*** RECORDS ***
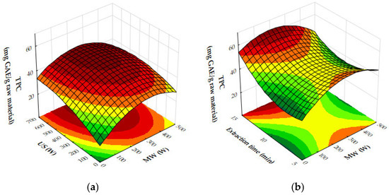 Response surface and contour plots showing the effects of MW power, US power, extraction time on TPC (mg GAE/g raw material) values of oregano extracts. (a) MW power vs. US power (extraction time: 8 min); (b) MW power vs. extraction time (US power: 450 W).
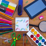 Stationery objects. Office and school supplies on the table. back to school.
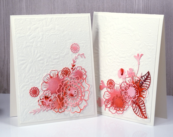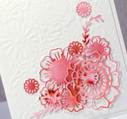 The background below was embossed with the bird flower doily then matted with the same painted paper I die cut the dove from. All the dies I used for these three cards are listed and linked below.
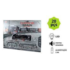 Jogo 20 Peças: 3 Vagões (1 Locomotiva +2 vagões de carga) + Trilhos
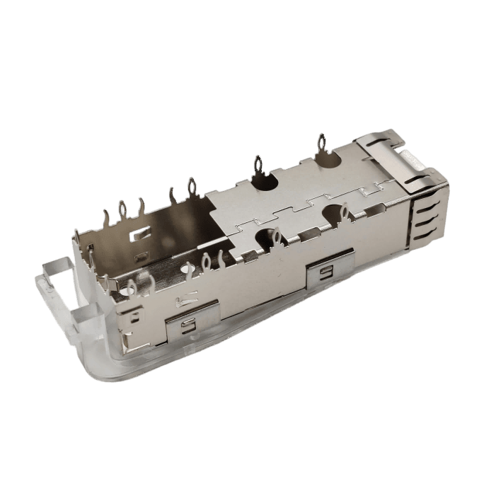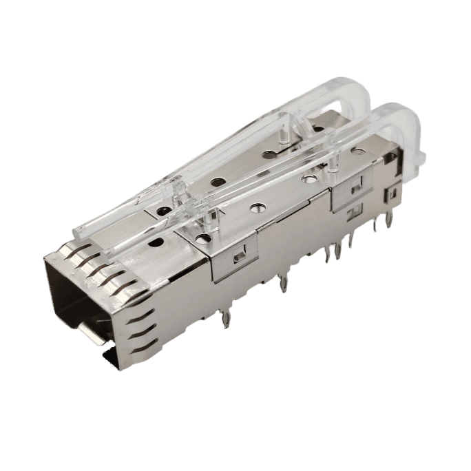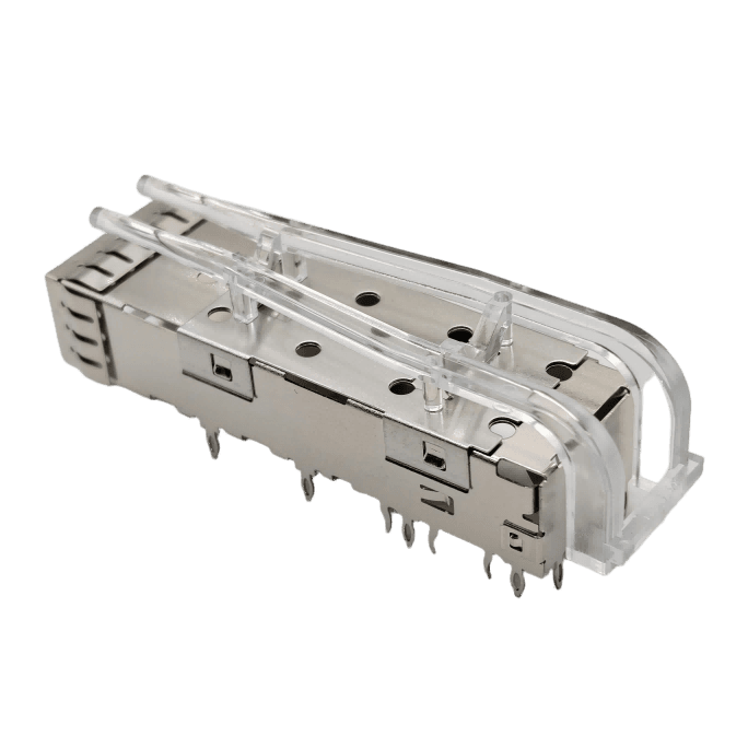81-111-Y0017-1 – Single-layer SFP +10G fiber cage crimping type 1 * 1 single port with high light guide column with three small feet in the middle
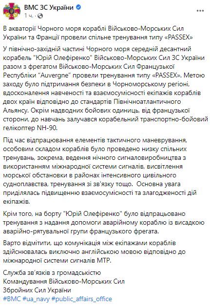 "В северо-западной части Черного моря средний десантный корабль "Юрий Олефиренко" ВМС ВСУ вместе с фрегатом ВМС Франции "Auvergne" провели тренировку типа "PASSEX". Целью мероприятия было поддержание безопасности в Черноморском регионе, совершенствование подготовки и совместимости экипажей кораблей двух стран в соответствии со стандартами Североатлантического Альянса", - говорится в сообщении.
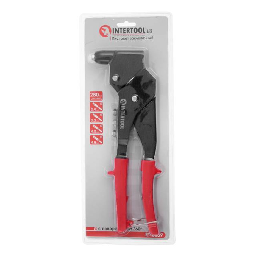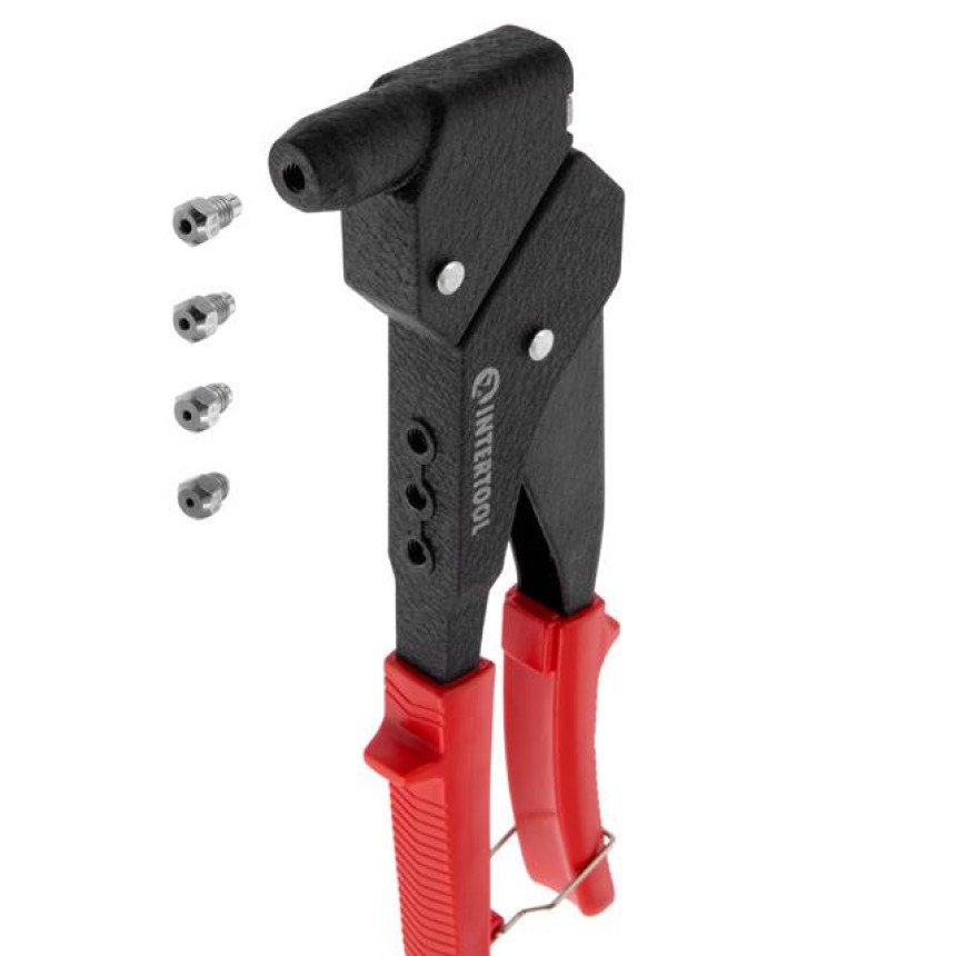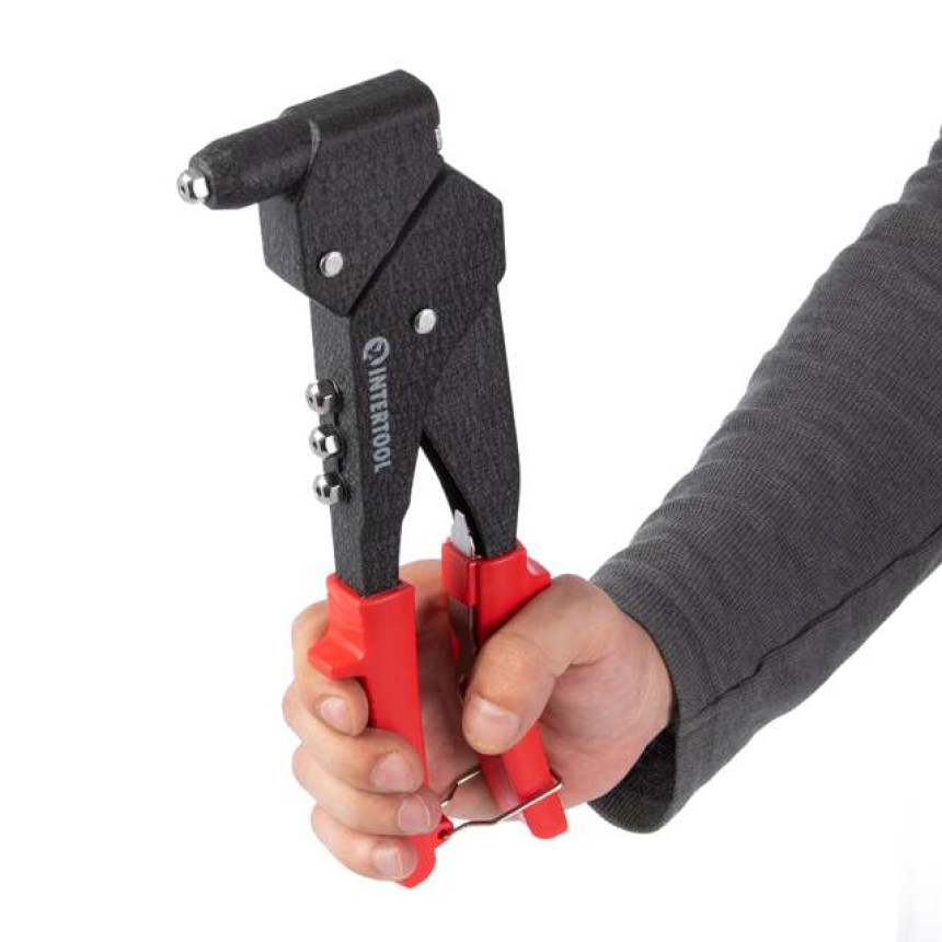Пістолет заклепувальний ручний INTERTOOL RT-0009 призначений для встановлення алюмінієвих заклепок діаметром 3,2; 4; 4,8 мм. Дозволяє скріплювати кілька шарів матеріалу або кілька деталей, товщиною від 0,5 до 8,5 мм.
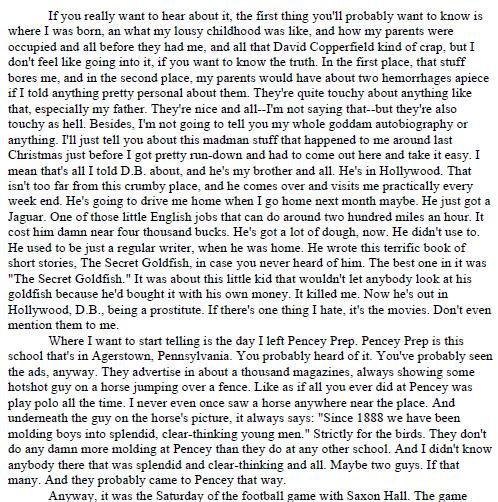 《麦田里的守望者》故事讲述的主人公是16岁的中学生霍尔顿·考尔德是当代美国文学中最早出现的反英雄形象之一,霍尔顿出身中纽约一个富裕的中产阶级家庭。学校里的老师和自己的家长强迫他好好读书,为的是出人头地,以便将来买辆凯迪拉克,而在学校里一天到晚干的,就是谈女人,酒和性,他看不惯周围的一切,根本没心思用功读书,因而老是挨罚,到他第四次被开除时,他不敢回家。便只身在美国最繁华的纽约城游荡了一天两夜,住小客店,逛夜总会滥交女友他在电影院里百无聊赖地消磨时光,糊里糊涂地召了妓女,情不自禁的与虚荣的女友搂搂抱抱,与此同时,他的内心又十分苦闷,企图逃出虚伪的成人世界去寻批纯洁与真理的经历与感受。这种精神上无法调和的极度矛盾最终令他彻底崩溃,躺倒在精神病院里......
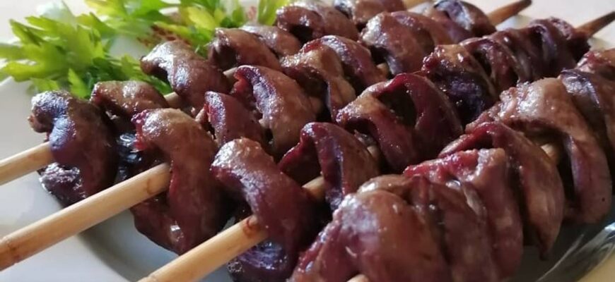 Сложность: лёгкая Время приготовления: 1 час (включая маринование) Порций: 4 Калорийность: ~160 ккал на 100 г Куриная печень на мангале — блюдо, которое
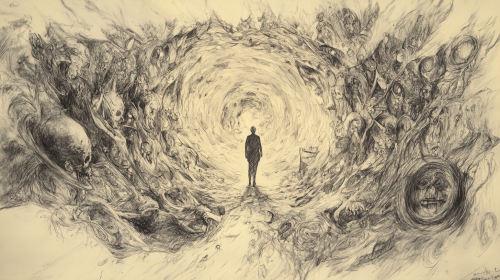 A rough, chaotic pencil sketch with unsettling, mysterious, spiritual, chaotic pencil lines, depicting a scene where a menacing, shadowy figure looms over a group of silent, passive figures. The shadowy figure represents cruelty and oppression, while the silent figures symbolize the tragic inaction of good people. The lines are jagged and abstract, creating a sense of tension and unease. The background is filled with swirling, dark patterns that highlight the contrast between the oppressor and the silent witnesses, emphasizing the weight of their inaction. The overall image is intentionally rough and sketch-like, capturing the profound and unsettling tragedy of silence in the face of evil. --c 8 --v 6.1
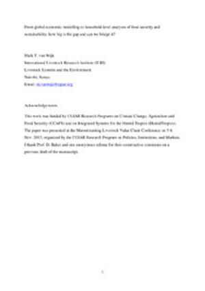 Wijk, M.T. van. 2014. From global economic modelling to household level analyses of food security and sustainability: How big is the gap and can we bridge it? Food Policy 49(2):378-388.
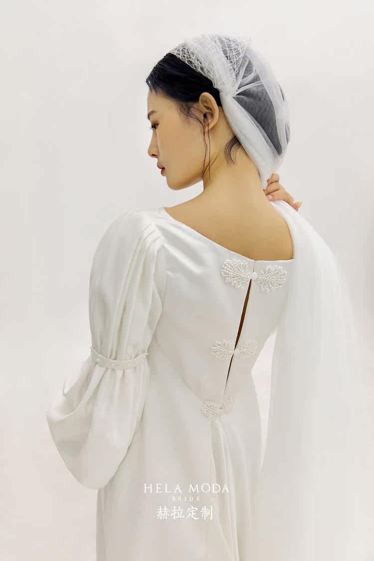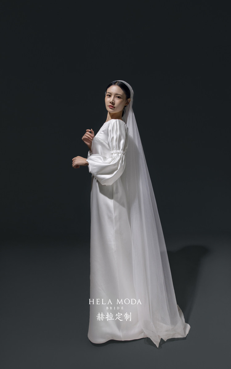 Hera customizes original new product "Bening" extremely minimalist and satin-style retro to the house to shoot the Virgin wedding dress
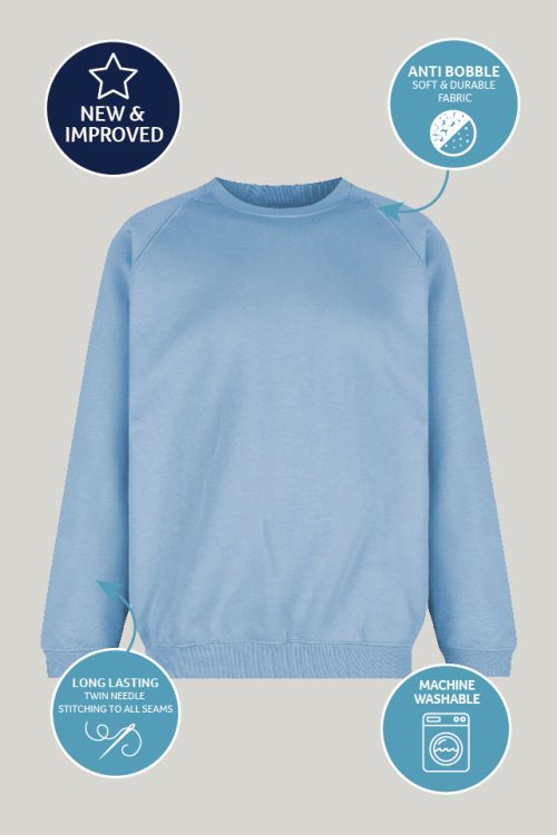 Trutex Crew Neck School Sweatshirt in Sky – Reliable School Jumper for Everyday Wear
*** End of RECORDS ***
INSTRUCTIONS TO FOLLOW
The records above are to be copied exactly, without their pictures.

ANSWER TO THIS EXERCISE
 Response surface and contour plots showing the effects of MW power, US power, extraction time on TPC (mg GAE/g raw material) values of oregano extracts. (a) MW power vs. US power (extraction time: 8 min); (b) MW power vs. extraction time (US power: 450 W).
 Stationery objects. Office and school supplies on the table. back to school.
 The background below was embossed with the bird flower doily then matted with the same painted paper I die cut the dove from. All the dies I used for these three cards are listed and linked below.
 Jogo 20 Peças: 3 Vagões (1 Locomotiva +2 vagões de carga) + Trilhos
81-111-Y0017-1 – Single-layer SFP +10G fiber cage crimping type 1 * 1 single port with high light guide column with three small feet in the middle
 "В северо-западной части Черного моря средний десантный корабль "Юрий Олефиренко" ВМС ВСУ вместе с фрегатом ВМС Франции "Auvergne" провели тренировку типа "PASSEX". Целью мероприятия было поддержание безопасности в Черноморском регионе, совершенствование подготовки и совместимости экипажей кораблей двух стран в соответствии со стандартами Североатлантического Альянса", - говорится в сообщении.
Пістолет заклепувальний ручний INTERTOOL RT-0009 призначений для встановлення алюмінієвих заклепок діаметром 3,2; 4; 4,8 мм. Дозволяє скріплювати кілька шарів матеріалу або кілька деталей, товщиною від 0,5 до 8,5 мм.
 《麦田里的守望者》故事讲述的主人公是16岁的中学生霍尔顿·考尔德是当代美国文学中最早出现的反英雄形象之一,霍尔顿出身中纽约一个富裕的中产阶级家庭。学校里的老师和自己的家长强迫他好好读书,为的是出人头地,以便将来买辆凯迪拉克,而在学校里一天到晚干的,就是谈女人,酒和性,他看不惯周围的一切,根本没心思用功读书,因而老是挨罚,到他第四次被开除时,他不敢回家。便只身在美国最繁华的纽约城游荡了一天两夜,住小客店,逛夜总会滥交女友他在电影院里百无聊赖地消磨时光,糊里糊涂地召了妓女,情不自禁的与虚荣的女友搂搂抱抱,与此同时,他的内心又十分苦闷,企图逃出虚伪的成人世界去寻批纯洁与真理的经历与感受。这种精神上无法调和的极度矛盾最终令他彻底崩溃,躺倒在精神病院里......
 Сложность: лёгкая Время приготовления: 1 час (включая маринование) Порций: 4 Калорийность: ~160 ккал на 100 г Куриная печень на мангале — блюдо, которое
 A rough, chaotic pencil sketch with unsettling, mysterious, spiritual, chaotic pencil lines, depicting a scene where a menacing, shadowy figure looms over a group of silent, passive figures. The shadowy figure represents cruelty and oppression, while the silent figures symbolize the tragic inaction of good people. The lines are jagged and abstract, creating a sense of tension and unease. The background is filled with swirling, dark patterns that highlight the contrast between the oppressor and the silent witnesses, emphasizing the weight of their inaction. The overall image is intentionally rough and sketch-like, capturing the profound and unsettling tragedy of silence in the face of evil. --c 8 --v 6.1
 Wijk, M.T. van. 2014. From global economic modelling to household level analyses of food security and sustainability: How big is the gap and can we bridge it? Food Policy 49(2):378-388.
 Hera customizes original new product "Bening" extremely minimalist and satin-style retro to the house to shoot the Virgin wedding dress
 Trutex Crew Neck School Sweatshirt in Sky – Reliable School Jumper for Everyday Wear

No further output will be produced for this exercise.